I've run into an interesting problem while hunting down a bug in our code that is using Lua 5.1.4 and toLua 5.1.3. It took a lot of hackery and printfs to finally figure out what was going on, so here it is in a nutshell.
We have a state machine builder object SMBuilder with a function called AddState that allocates and stores a new state in an internal list. This class and method are exposed to Lua using toLua like so:
SMBuilder(const char* tableName);
SMBuilderState* AddState(const char* pName, int stateEnum = -1);
void AddIntEnterMessage(int msg, uint32_t data);
static SMBuilder *CreateSMBuilder(const char *pTableName);
static uint32_t ConvertEnumToUint32(int input);
The relevant code that is generated looks like this (clipped error handling for compactness):
/* method: AddState of class SMBuilder */
static int tolua_LuaSMBuilder_SMBuilder_AddState00(lua_State* tolua_S)

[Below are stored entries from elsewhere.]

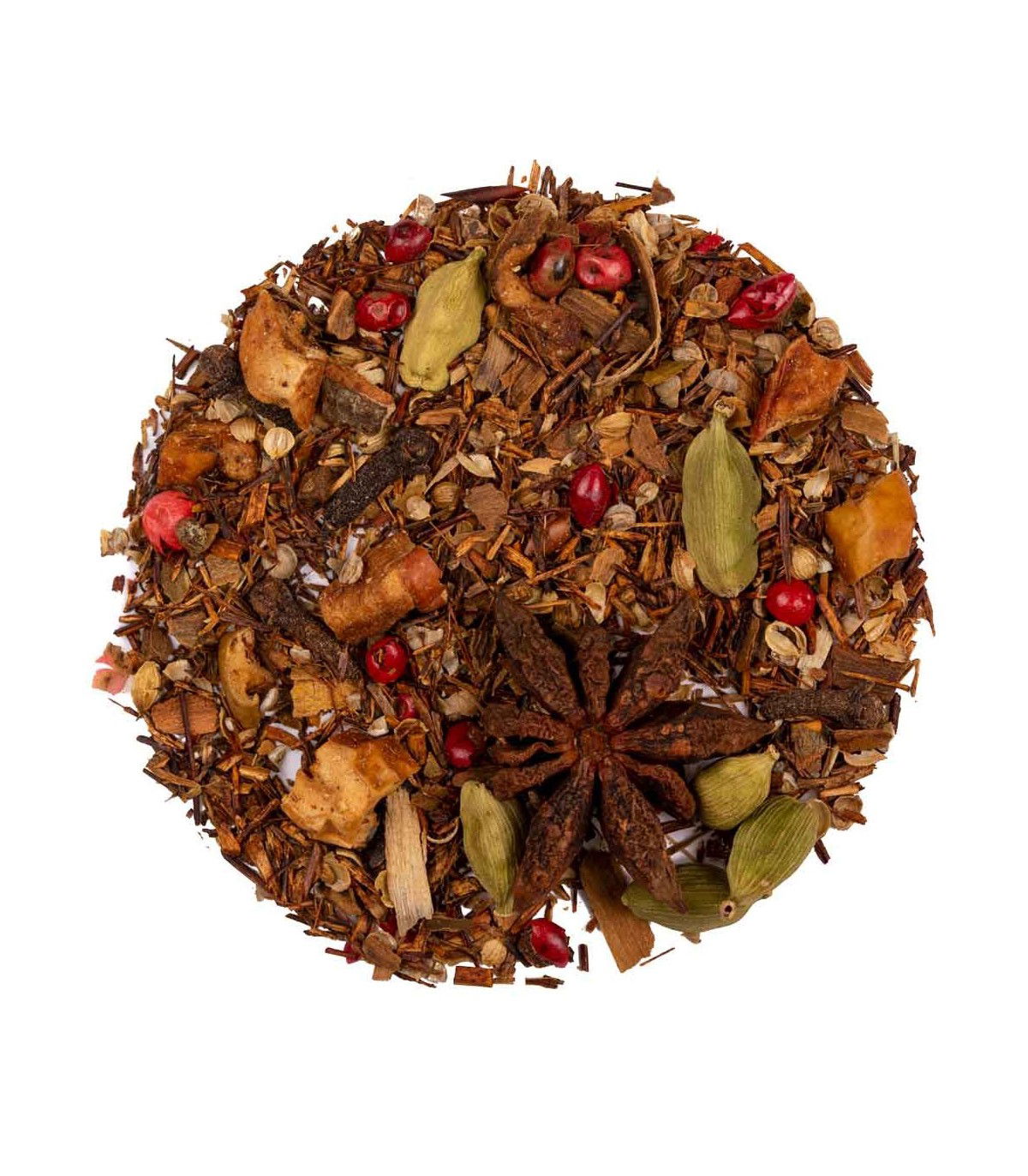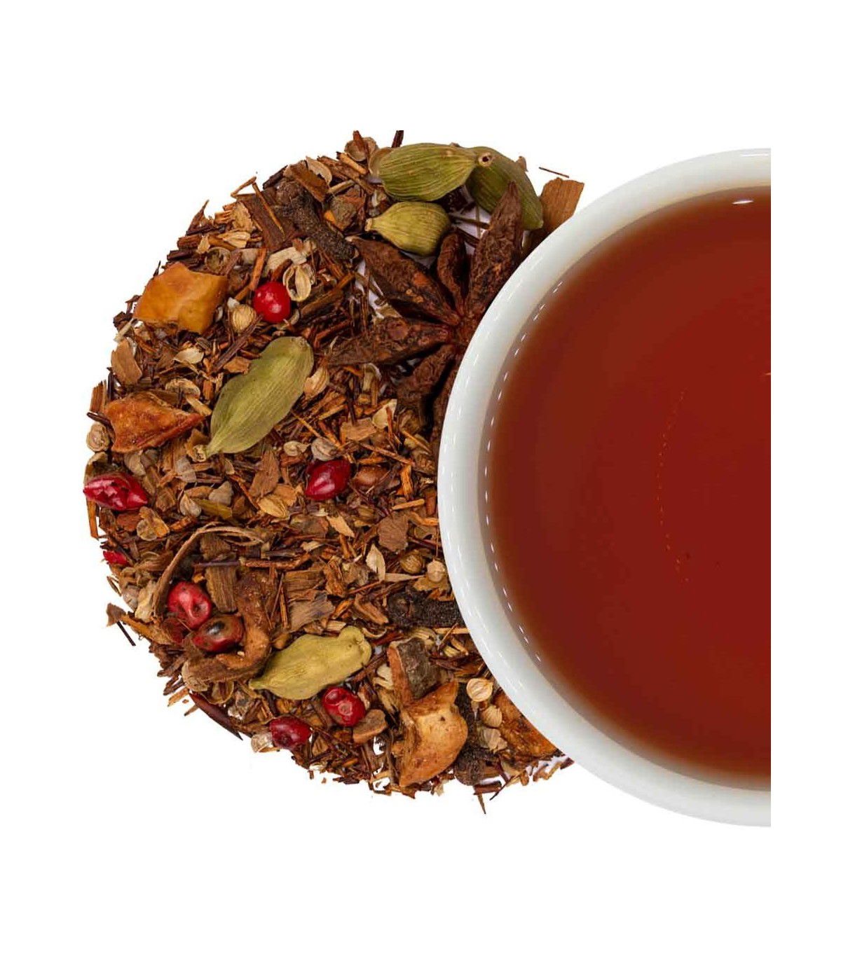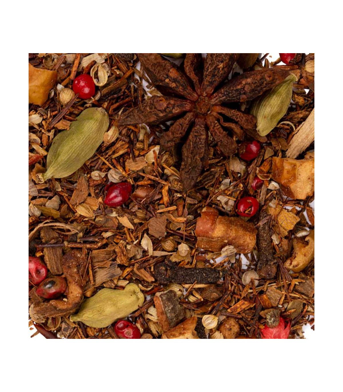 - Rooibos, naranja, canela, clavo, cardamomo, coriandro, aroma natural de vainilla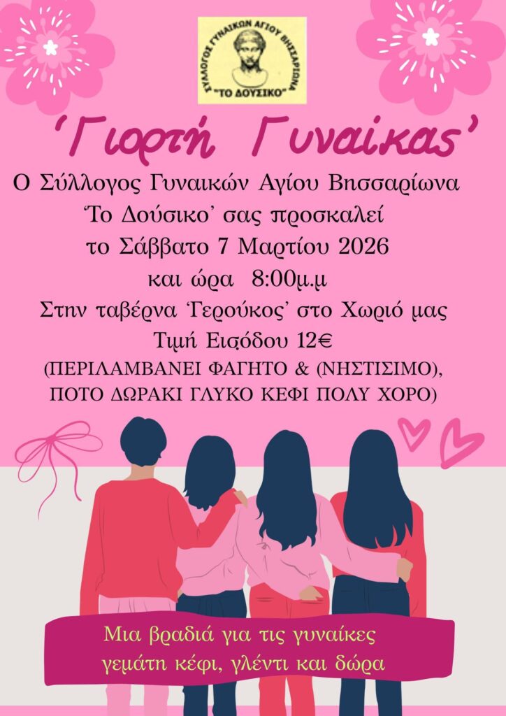 Ο Σύλλογος Γυναικών Αγ. Βησσαρίωνα, τιμά την “Γιορτή της γυναίκας”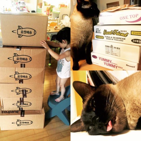 고양이님 모래와 사료와 간식으로 꽉꽉찬 택배 6박스 입니다
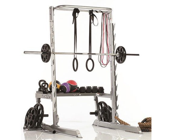 Большой держатель для олимпийского грифа обеспечивает свободное место, не занимая вертикальные держатели, а также выступает в качестве надежного крепления канатов для выполнения упражнений.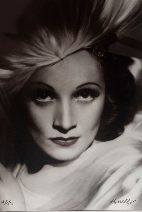 Framed studio portrait of Marlene Dietrich, actress – an exceptionally large image. An authentic, iconic full-face glamour photograph by George Hurrell circa 1930 (printed later). Gelatin silver print is an authentic image by the photographer. George Hurrell. Signed on the lower right and numbered 23/50 on the lower left. George Hurrell was an American photographer best known for his portraits of Hollywood movie stars such as Joan Crawford and Marlene Dietrich. Hurrell?s style of lighting and composition enhanced the glamour associated with Hollywood during the 1930s. Born on June 1, 1904 in Covington, KY, he grew up in Cincinnati, OH, developing an interest in painting and photography as a child. Hurrell went on to study at the Art Institute of Chicago, and initially used photography as a way to document his paintings. While living at painting colony in California during the mid-1920s, photography had started to become his preferred medium. After having made some seductive photos for the actress Norma Shearer, Hurrell was hired on as the head of MGM studios photography department. While working at MGM, he was put in charge taking headshots of the Hollywood stars for each new film.

SMBuilder* self = (SMBuilder*) tolua_tousertype(tolua_S,1,0);
const char* pName = ((const char*) tolua_tostring(tolua_S,2,0));
int stateEnum = ((int) tolua_tonumber(tolua_S,3,-1));
SMBuilderState* tolua_ret = (SMBuilderState*) self->AddState(pName,stateEnum);
/* method: ConvertEnumToUint32 of class LuaSMBuilderManager */
static int tolua_LuaSMBuilder_LuaSMBuilderManager_ConvertEnumToUint3200(lua_State* tolua_S)
int input = ((int) tolua_tonumber(tolua_S,2,0));
uint32_t tolua_ret = LuaSMBuilderManager::ConvertEnumToUint32(input);
void* tolua_obj = new uint32_t(tolua_ret);
/* finalizer for uint32_t userdata */
static int tolua_collect_uint32_t (lua_State* tolua_S)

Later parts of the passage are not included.